Il est vrai que les médias insistent très souvent sur la violence et omet de souligner certaines évolutions. En effet, saviez-vous qu’en France, le risque d’être tué par un tiers est trois fois moins important qu’il y a une vingtaine d’années ? Et pourtant…

La construction médiatique tend à dépeindre une époque des plus violentes où la mort peut frapper à chaque coin de rue. En réalité, relativiser est utile puisqu’il s’avère que les personnes décédant suite à des violences sont moins nombreuses qu’auparavant. Alors que les annonces pessimistes ont envahi les discours médiatiques, le constat réel est pourtant moins alarmant !

Mercredi 8 mars 2017, l’émission Hier aujourd’hui demain diffusée sur France 2 avait pour invité le psychologue Jacques Lecomte. À l’aide de chiffres, le professionnel a permis de mieux comprendre la réalité. Entre 1994 et 2013, il y a eu une baisse de 65 % du taux d’homicide, et ce, juste au niveau de la région Île-de-France.

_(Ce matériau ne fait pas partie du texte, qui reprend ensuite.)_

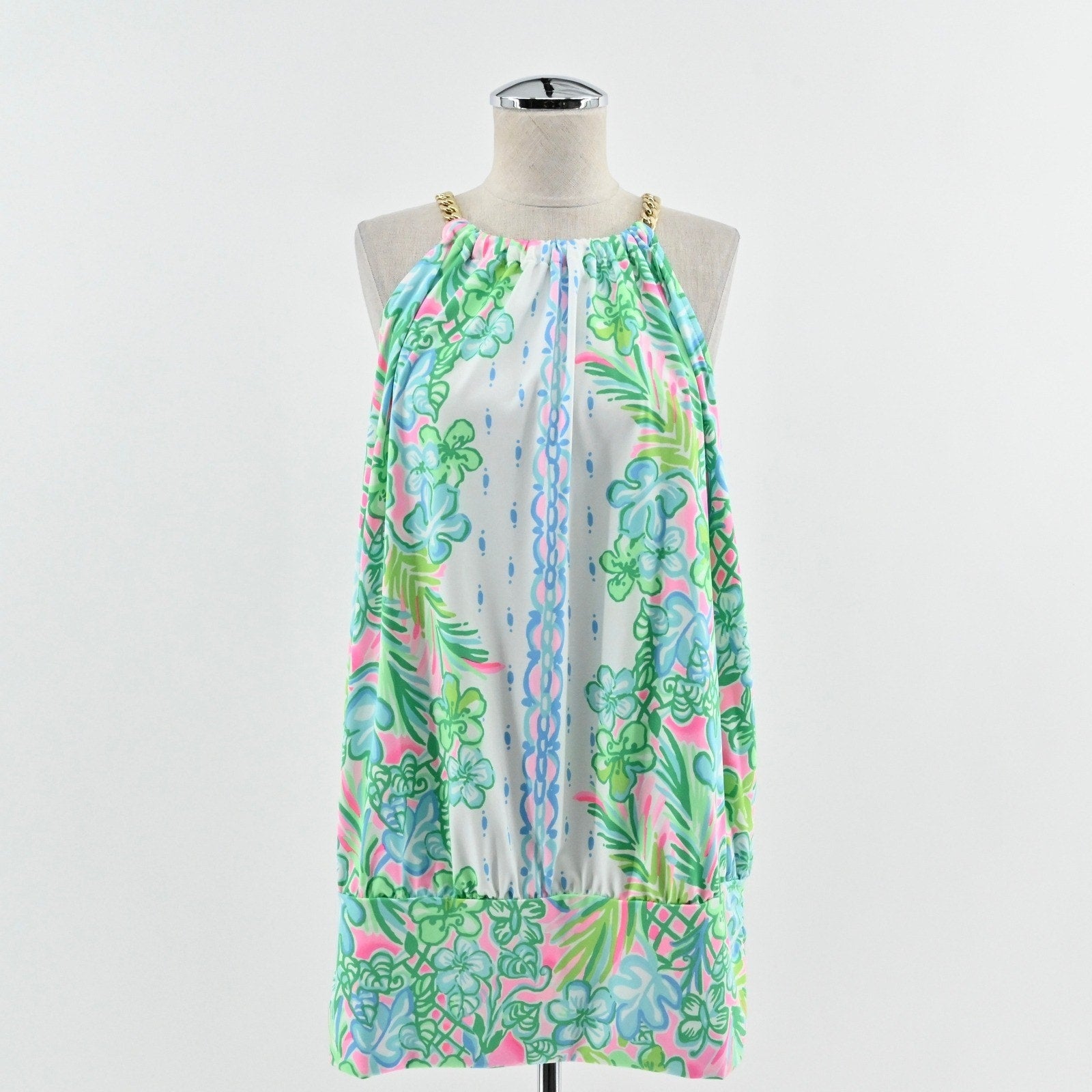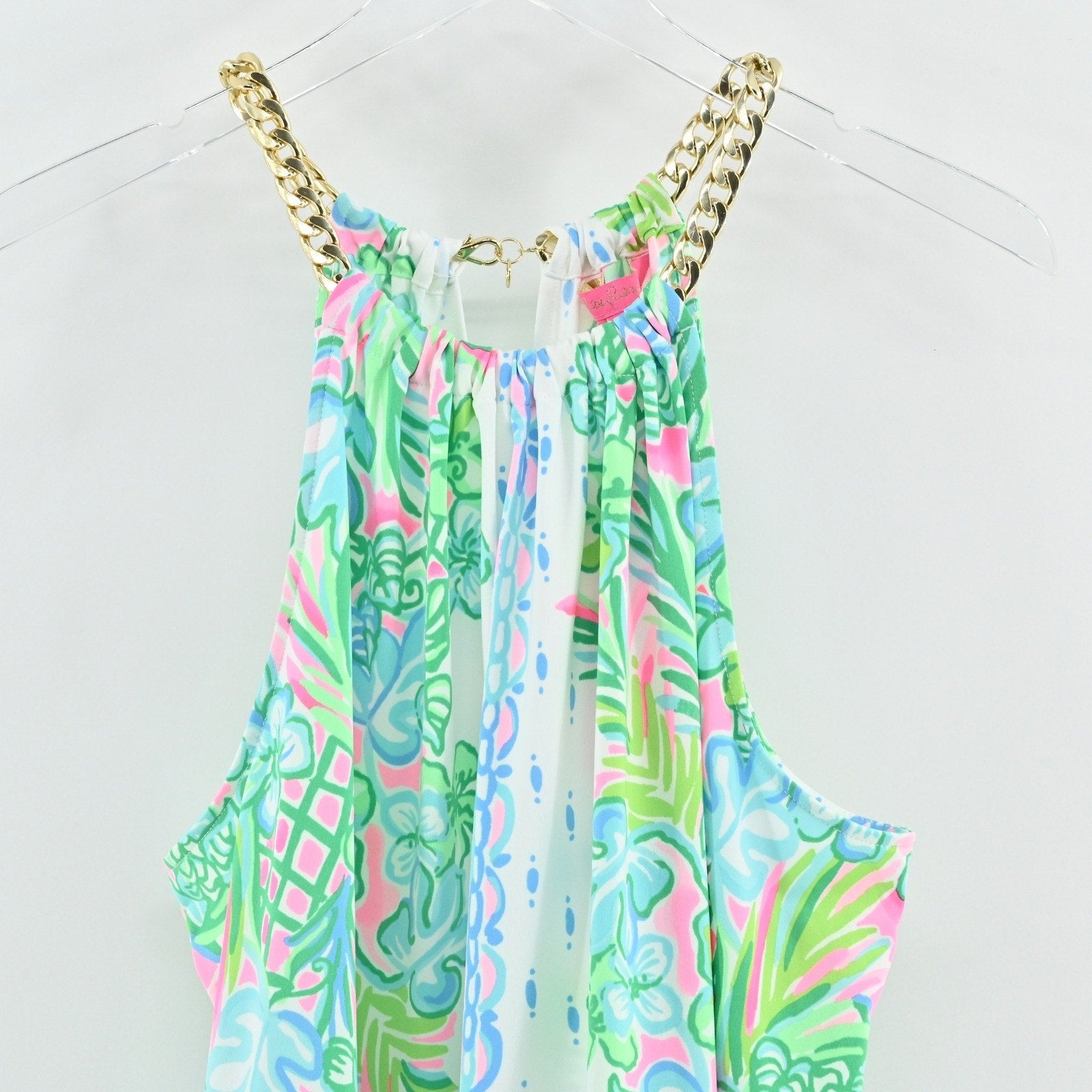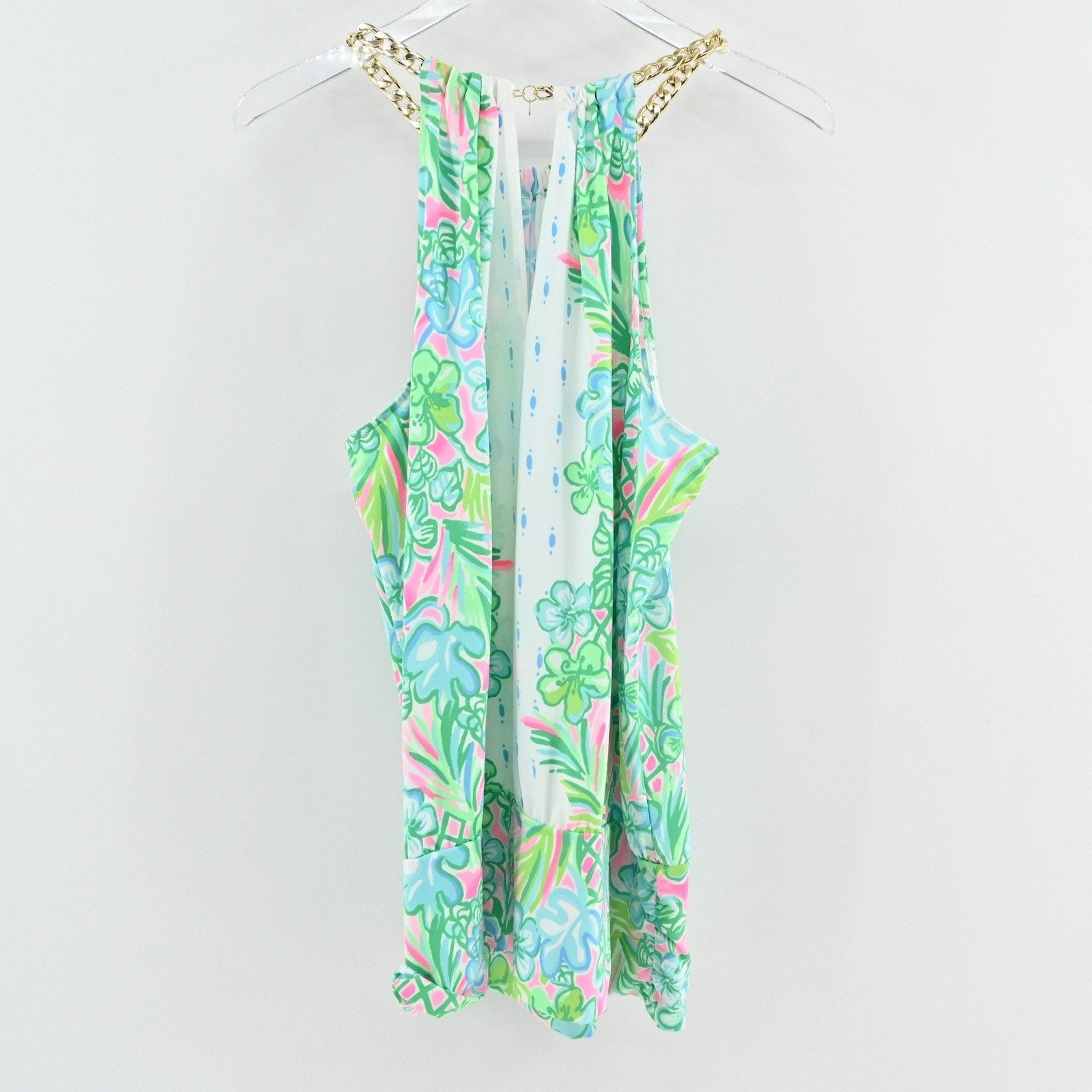Lilly Pulitzer Bowen Top Size XL Coconut Row Engineered Knit Halter Chain Strap
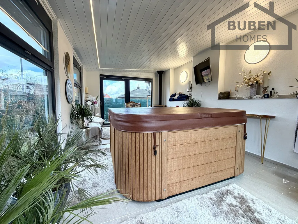Na garáž navazuje prosklené wellness (výstavba v roce 2024) s vířivou vanou, která je v ceně. Tento prostor je vytápěn krbem. Soukromí zajišťují venkovní rolety na dálkové ovládání.
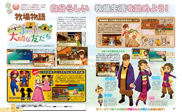 Preview images for the latest issue of Famitsu have revealed that the upcoming Story of Seasons: Good Friends of Three Villages will feature costumes from the Super Mario series, specifically Mario himself and Peach. We will have more detailed information for you once this week’s issue of Famitsu is out.
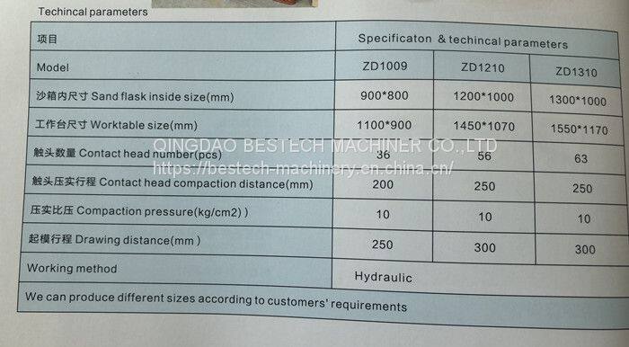 ZD hydraulic multi-contact molding machine belongs to a semi-automatic molding machine.Is through a number of hydraulic cylinder thrust compaction sand sand in the sand box, so that the sand get uniform uniform strength requirements, the use of jacking rod jacking sand box, to achieve the effect of the mold.This equipment is generally used in pairs. One machine is used for loading and the other machine is used for unloading.The hydraulic system adopts double pump control.When the contact is rapidly extended, the two pumps supply oil at the same time, and the high pressure pump is used for oil supply in real time.
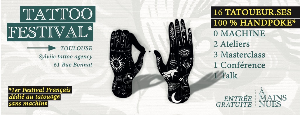 À Mains Nues est un festival consacré à l’art du tatouage handpoke, sans machine et à la rencontre entre artistes et passionné·es. Le temps d’un long week-end, 16 tatoueuses et tatoueurs aux univers singuliers partageront leur savoir-faire, leurs styles et leurs inspirations. Plus qu’un simple rendez-vous, À Mains Nues est une immersion dans la créativité, l’échange et l’expression personnelle à travers l’encre et la peau. En plus des tatouages, le festival propose des ateliers, des masterclass, une conférence et un talk
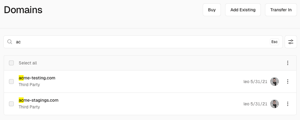 To view all your registered domains, go to the Domains tab in your Vercel dashboard.
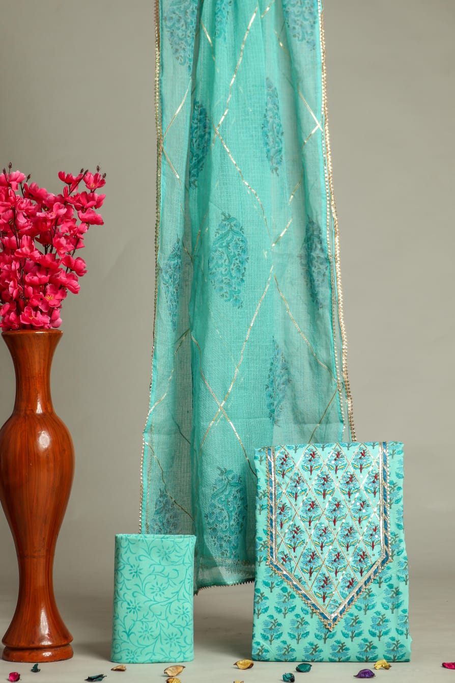 Gotta detailing cotton suits with beautiful work on neck or embroidery on top , With cotton bottom and Pure Kota Doria
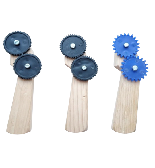 Con engranes para corrugar papel filigrana tamaño chico, mediano y grande.
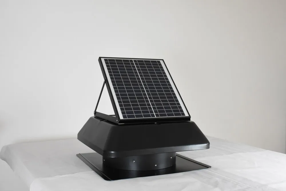 The clever design for the solar roof fan is to get the sun to do double duty. It makes perfect sense to make the sun cool the roof space, since it is the source of the problem in the first place. In any event, you are doing the right thing by trying to use a solar-powered fan.
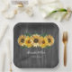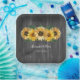 Personalise a unique paper plate for wedding reception guests with a set of Rustic Weathered Sunflower Wedding Paper Plates. Paper Plate design features a rustic wooden background with an elegant bouquet of sunflowers. Personalise with the groom and bride's names along with the wedding date. Additional wedding stationery available with this design as well.

Les médias ont pourtant passé sous silence cette information assez surprenante qui ne colle évidemment pas à l’ambiance présumée dans notre société rapportée un peu partout. Ce n’est pas tout puisque 665 personnes sont décédées par homicide durant l’année 2013 (un chiffre certes en hausse : 932 en 2015), néanmoins ce sont 14 000 morts qui ont été déplorées durant la même année pour une autre raison, une hécatombe que l’on impute au chômage selon l’International Archives of Occupational and Environmental Health.

Nous pouvons supposer que les médias font un meilleur audimat en insistant sur les faits de violence impliquant par exemple des armes à feu et à peu près tout événement ayant une connotation macabre. Ceci explique donc pourquoi la réalité serait floutée de cette façon. Pour ceux que cela intéresse, il est d’ailleurs possible de contrôler en temps réel ne nombre de meurtres en France par le biais du site ConsoGlobe. Le jour de la rédaction de cet article, 186 personnes étaient mortes suite à des violences depuis le 1er janvier 2017.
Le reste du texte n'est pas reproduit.